In some embodiments, the top level sequence of fabrication for a fixed gap FPI of FIG. 1 is as follows: 1) Top mirror support elements are attached to bottom mirror; 2) Top mirror is placed at a predetermined distance from the bottom mirror; 3) The space between top of mirror support elements and top mirror is filled with adhesive; 4) During the cure process, the adhesive shrinks bringing the top mirror closer to the bottom mirror producing final gap.

FIG. 2 is a diagram illustrating an embodiment of a FPI before and after adhesive cure. In the example shown before curing of the adhesive, top substrate 200 has an added top mirror 204. Bottom substrate 202 has an added bottom mirror 206. Left mirror support 216 and left uncured adhesive 210 support top substrate 200 on the left side of diagram in FIG. 2, and right mirror support 214 and right uncured adhesive 212 support top substrate 200 on the right side of diagram in FIG. 2 to create a before cure gap 208 between top mirror 204 and bottom mirror 206. Left top spacer mesa 250 is added to top substrate 200 in a position aligned with left bottom spacer mesa 252 that is added to bottom substrate 202. Right top spacer mesa 254 is added to top substrate 200 in a position aligned with right bottom spacer mesa 256 that is added to bottom substrate 202.

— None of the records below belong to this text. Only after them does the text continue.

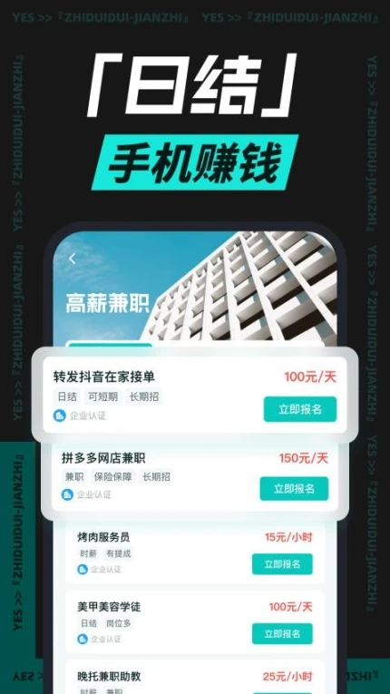 支持按小时计薪、项目制结算、全勤奖励等多种薪酬方式,用户可自由选择周末兼职、晚间工作等灵活时段。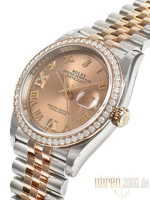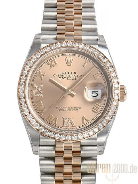 Gehäuse aus Edelstahl / Everose-Gold poliert und satiniert, Gehäusedurchmesser 36 mm, Diamantlünette aus 18 kt Everose-Gold, Jubile Armband aus Edelstahl / 18 kt Everose-Gold poliert und satiniert mit Faltschließe, Pinkfarbenes Zifferblatt mit römischen Ziffern und Diamanten, roségoldene Zeiger, Automatikwerk, Rolex Manufakturkaliber 3235 mit 31 Steine, 28.800 A/h, 70 Stunden Gangreserve, Datumsanzeige, Chronometer, kratzfestes Saphirglas, verschraubte 18 kt Everose-Gold Krone, Edelstahlboden verschraubt, Wasserdicht bis zu 10 bar.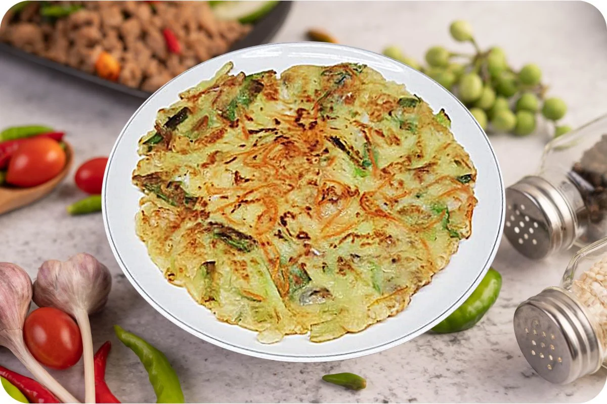 Haemul Pajeon, 海鲜葱煎饼, Seafood and Green Onion Pancake.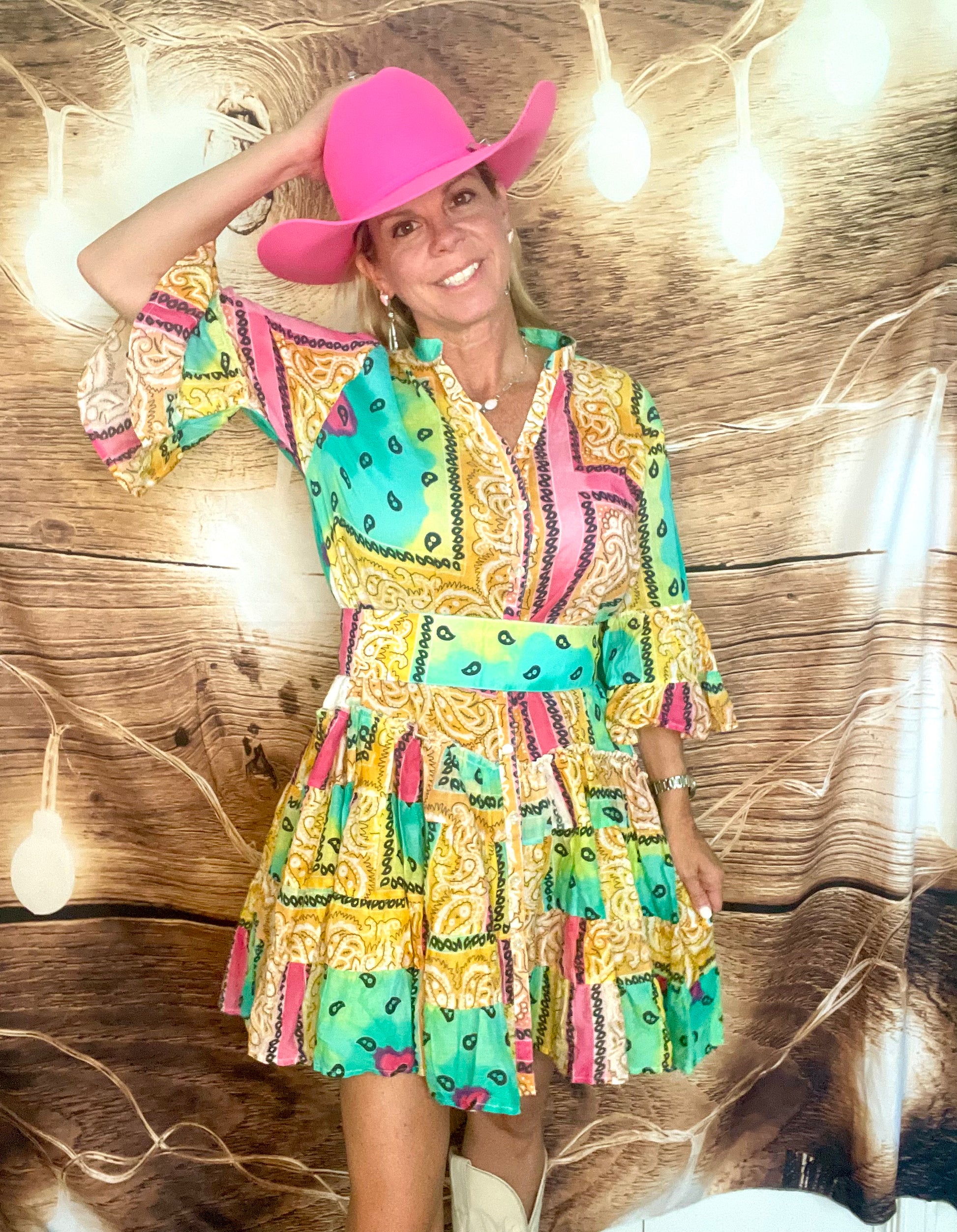 Light and flowing, bandana print dress with plenty of ruffles and a color-match belt. The belt cinches the dress at the waist to create a beautiful hour-glass figure. Absolutely stunning and unique.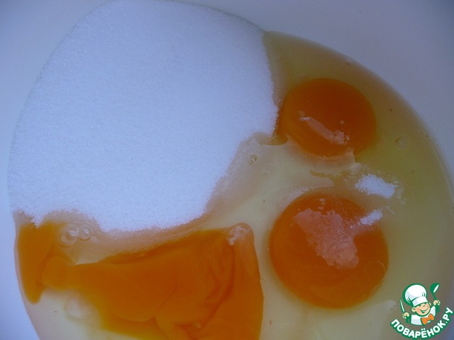 В чаше взбить миксером яйца с сахаром и ванильным сахаром в пышную пену.
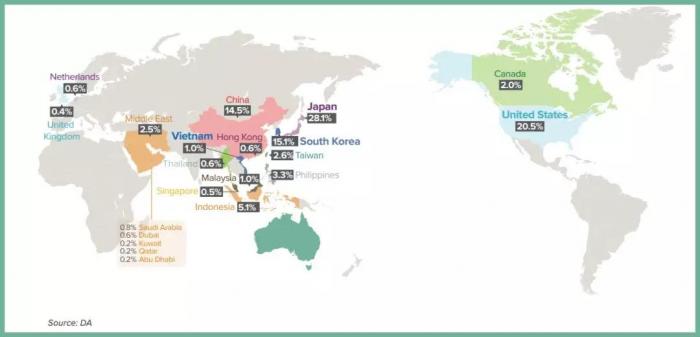 全球澳大利亚牛肉出口目的地(国家和地区)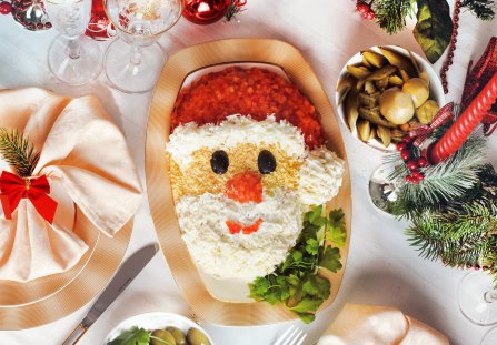 Sałatkę jarzynową przystrój startymi na tarce jajkami. Z białek zrób brodę, wąsy, górę czapki i pompon. Z żółtek twarz Mikołaja. Z przekrojonej oliwki oczy a z marchewki czapkę, nos i usta. Smacznego!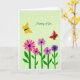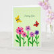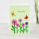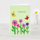 Designed with a stylized garden scene, the card shows a row of multi-petaled flowers in rich fuchsia, lavender, and deep purple rising from slim green stems and simple leaves along the bottom. The rounded blooms with darker centers create a gentle rhythm, like a bouquet offered with quiet affection ❤️. Above the flowers, two small winged insects drift close together—one golden yellow and one bright red—suggesting a sweet, companionable moment as they hover in the open space. The background is a soft, pale green sprinkled with small white dots that add light texture without crowding the scene. The words “Thinking of You” sit centered in the upper half in white, flowing lettering that stands out clearly against the green. The flat, graphic shapes and strong color contrasts keep everything easy to read while still feeling tender and friendly 🌼. White dots float across the pale green background behind the yellow and red insects.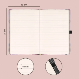 Elegantiška linijuota užrašų knygutė NOTIQUE Sakura patogiame 13 × 21 cm formate su kietais viršeliais, užsegimu su gumyte, rašiklio kilpele ir vidine kišene. Siūlo 172 puslapius malonaus geltono popieriaus dienoraščiui ir darbo užrašams.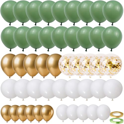 EMITUOFO 70 Stycken Ballonger Olivgrön, Salviagröna Heliumballonger Guld, Vit, Gröna, Gyllene Metallic-Konfetti Ballonger för Bröllop, Baby Shower, Födelsedag, Examen, Festdekoration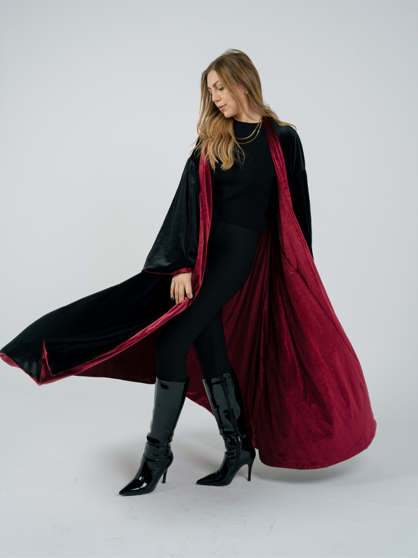 Double Face Kaftan Color : Burgundy & Black Size : One size Double sided Velvet Kaftan, reversible with non attached/ separated Scarf / Veil

In the example shown after curing of the adhesive, top substrate 220 has an added top mirror 224. Bottom substrate 222 has an added bottom mirror 226. Left mirror support 236 and left cured adhesive 230 support top substrate 220 on the left side of diagram in FIG. 2, and right mirror support 234 and right cured adhesive 232 support top substrate 220 on the right side of diagram in FIG. 2 to create gap 228 between top mirror 224 and bottom mirror 226. Left top spacer mesa 270 is added to top substrate 220 in a position aligned with left bottom spacer mesa 272 that is added to bottom substrate 222. Right top spacer mesa 274 is added to top substrate 220 in a position aligned with right bottom spacer mesa 276 that is added to bottom substrate 222. Notice the parallel alignment after curing between top mirror 224 and bottom mirror 226 due to the spacer mesas setting the gap. Also, note that the diagram of FIG. 2 is showing a side view of a three-dimensional device so a alignment is only shown in two dimensions whereas in the actual device is three-dimensional. In the three-dimensional situation, there are three mesa spacer sets that support in a triangle configuration.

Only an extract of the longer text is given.